I first came across him in The Studio about 1983 or 1984. I remember being astonished and captivated by The Squirell, astonished not just because I'd never heard of him but because no one knew anything about him. Even Albert Garret, with his infuriating but invaluable History of Wood Engraving, didn't mention him once. I could hardly have known, as I conscientiously made note of this intensely individual artist, that down in Oxfordshire Anne Stevens was assiduously building a collection of his wood-engravings. As a volunteer in the print room at the Ashmolean Museum, it became part of her role to organise yearly exhibitions and Pellew finally began to receive his due in 1987. For me it was perhaps one of the most telling events of the revivalist flood that was so much a feature of that decade.
Born in Redruth in Cornwall, he spent the earlier part of his childhood in Canada (his father was a mining engineer). Nevertheless reviewing a second exhibition in Brighton in 1990, John Russell Taylor had this to say: ' Pellew touches on a number of interesting and unexpected aspects of English art between the wars'. Generally, the Cornish don't strike me as particularly English, specially when they have spent their childhood in Canada. But there you are, this artist of almost unique sensibility and sensitivity did train under Henry Tonks and Wilson Steer at the Slade and the thoroughness of that training is evident in all the prints here. I think one faculty they did value was memory. It wasn't just that they considered draughtsmanship to be important but they taught students both to look and to remember what they had seen.
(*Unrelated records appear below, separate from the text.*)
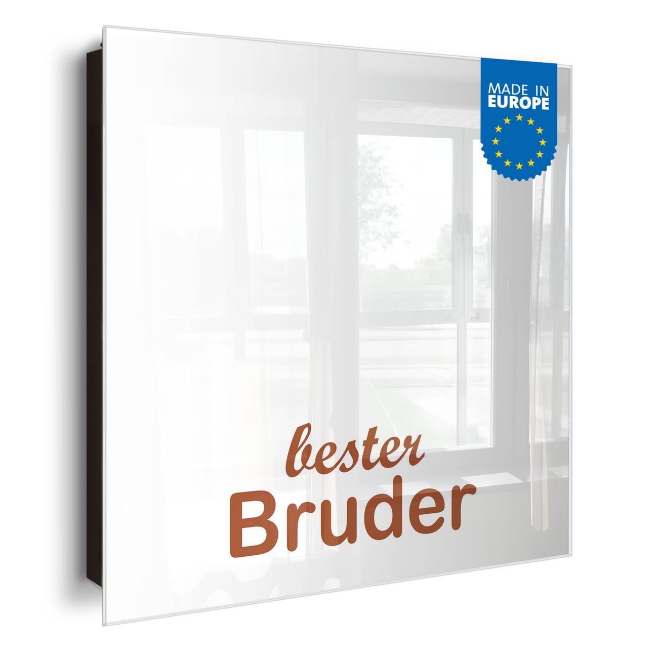 Bringe Ordnung und Eleganz in deinen Eingangsbereich mit dem banjado Schlüsselkasten Motiv Motiv bester Bruder 2. Die moderne Schlüsselbox kombiniert funktionales Design mit hochwertiger Verarbeitung und wird so zu einem echten Hingucker in Flur, Büro oder Ferienwohnung. ✅ Stilvolle Schlüsselaufbewahrung mit Glasfront im Motiv Motiv bester Bruder 2 Der Design-Schlüsselkasten Motiv Motiv bester Bruder 2 bietet Platz für bis zu 50 Schlüssel, die auf 5 stabilen Reihen mit je 10 Haken übersichtlich verstaut werden. Mit seinen kompakten Maßen von 30 x 30 x 5 cm passt die Schlüsselbox perfekt auch in kleinere Räume. Der schwarz lackierte Stahlkorpus mit rechts angeschlagenem Türscharnier harmoniert mit der Glasfront und fügt sich nahtlos in jedes Wohnambiente ein. Ob als Schlüsselorganizer für Zuhause oder als praktische Lösung für Büros, Praxen und Gewerbe, der banjado Schlüsselkasten sorgt für Ordnung und Übersicht. Dank der magnetischen, mit Kreidestiften beschreibbaren Glasfront kannst du Notizen anheften oder Termine direkt auf der Oberfläche festhalten. Die Schlüsselbox Motiv Motiv bester Bruder 2 zur Wandmontage wird inklusive Befestigungsmaterial geliefert und ist schnell angebracht. So hast du deine Schlüssel jederzeit griffbereit und zugleich stilvoll verstaut. Mit diesem banjado Schlüsselkasten Motiv Motiv bester Bruder 2 kombinierst du praktische Aufbewahrung mit stilvollem Wohndesign. Ob privat oder geschäftlich, die Schlüsselbox sorgt für mehr Ordnung, Übersicht und ein wohnliches Ambiente.Vorteile im Überblick
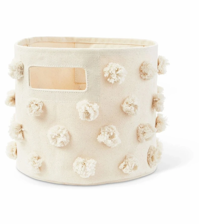 Declutter and update your decor with this durable cotton-canvas storage Pint that is perfect for diapers, creams and other small stuff! With each Pom Pom sewn by hand, it will add a pop of playfulness to any room.
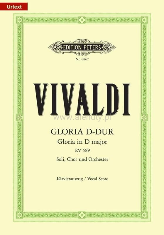 Nuty na chór i fortepian (wyciąg) Glorii D-dur RV 589 A. Vivaldi'ego, jednego z najbardziej znanych kompozytorów barokowych. Jest to wydanie typu urtext, opracowania dokonał Klaus Burmeister.
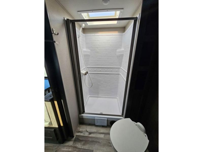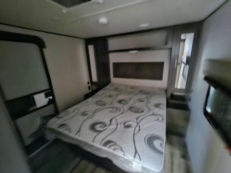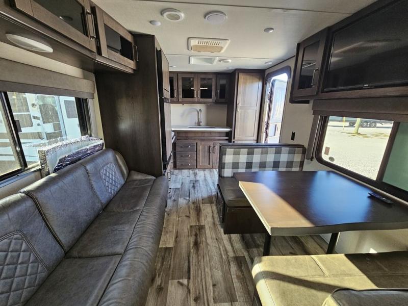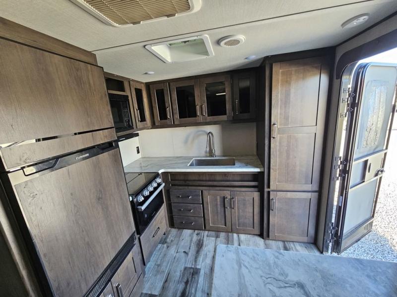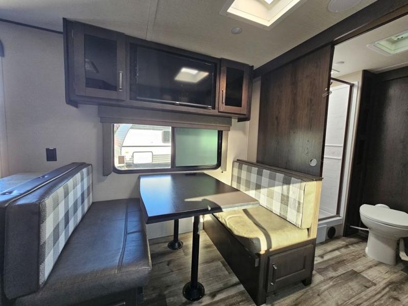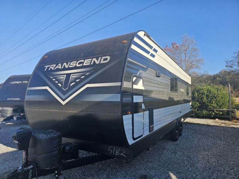 This Transcend Xplor travel trailer is a perfect trailer for couples who are looking to get away with each other! It has a large walk-through bathroom that leads right into the rear private bedroom, so you'll have an easy time getting ready in the morning. The large windows offer great airflow, and the front pass-through storage has plywood backing for different storage options. You can relax on the 69" rollover sofa across from the LED HDTV, and there is also seating at the booth dinette which is directly below the TV. To your left when you enter this trailer, you'll find a countertop with shoe rack, so you can set your wallet and keys down when you come and go.
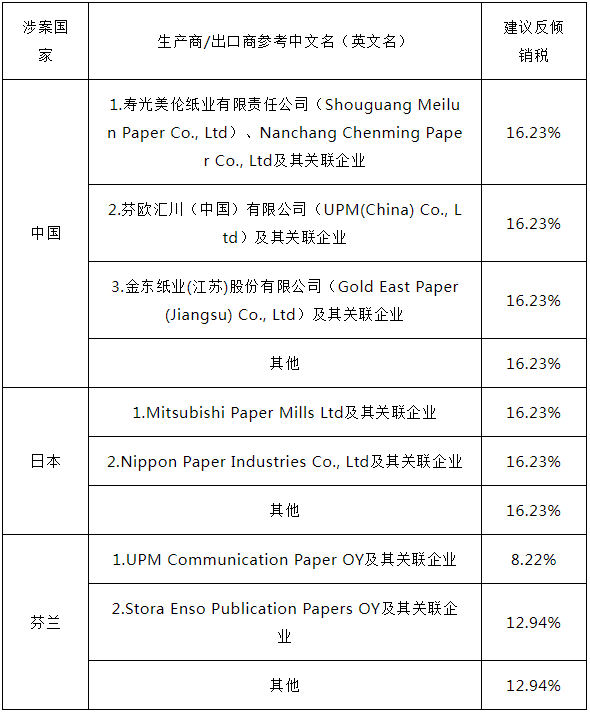 2023年12月21日,韓國貿(mào)易委員會發(fā)布第2023-18號公告(案件號23-2023-2),對原產(chǎn)于中國、日本和芬蘭的每平米重量介于55克~110克之間的涂布印刷紙(CoatedPrintingPaper)作出反傾銷第一次日落復審肯定性終裁,建議韓國企劃財政部繼續(xù)對涉案產(chǎn)品征收為期五年反傾銷稅,其中,中國和日本涉案產(chǎn)品的稅率均為16.23%、芬蘭稅率為8.22%和12.94%,稅率詳見附表。涉案產(chǎn)品的韓國稅號為4810.13.1000、4810.14.1000、4810.19.1000、4810.19.9000、4810.22.0000和4810.29.0000。 2017年7月10日,韓國對原產(chǎn)于中國、日本和芬蘭的每平米重量介于55克~110克之間的涂布印刷紙進行反傾銷調(diào)查。依據(jù)韓國企劃財政部第684號令,韓國決定自2018年7月22日起對中國、日本和芬蘭的涂布印刷紙征收反傾銷稅,措施有效期至2023年7月21日。2023年3月21日,韓國對該案啟動第一次日落復審調(diào)查。 附表:韓國對涉華涂布印刷紙反傾銷案第一次日落復審終裁建議征稅表

What Claughton Pellew saw were subjects underpinned by lyricism and faith. Like a number of British artists before the first war, he had become a Roman Catholic and this had led him to register as a conscientious objector after general conscription in 1916 and this in turn led him to prison, the final one almost unbelievably being the notorious Dartmoor. John Nash believed that Pellew never recovered from his experiences and left him with a permanent sense of isolation. Be that as it may, Pellew and his wife, the artist Emma Tennant, went to live on the north-east coast of Norfolk and never left there. As for me, I think his conscientiousness was played out beautifully in his wood-engravings. He also painted and only began engraving in 1923 but as you see here, he approached almost every print with a subtle originality that makes many of his contemporaries look basically complacent. Unlike Bernard Rice, whose experiments didn't always come off, Pellew took on a range of subjects and designs that belie the visionary Romantic manner.
Look at how different these prints are, how varied the cutting is, see how well he handles a tremendous range of blacks, white and greys and take it from me that the impression of his cutting when you see it in front of you, is considerable. In exactly the same way that it is easy to compare engravings like these to the ink and sepia drawings Samuel Palmer made in the 1820s, it is equally true that, like Palmer's drawings, these prints by Pellew are highly skilled. The images are so appealling, we tend to forget just how well-made they are. He approached everything he did with seriousness. And, as so often, with truly serious people, he was shy and self-effacing. He might have designed the cover for the 1930 Christmas number of the Radio Times (it was carol singers) but these beautifully considered images are about as far from our television times as you can get.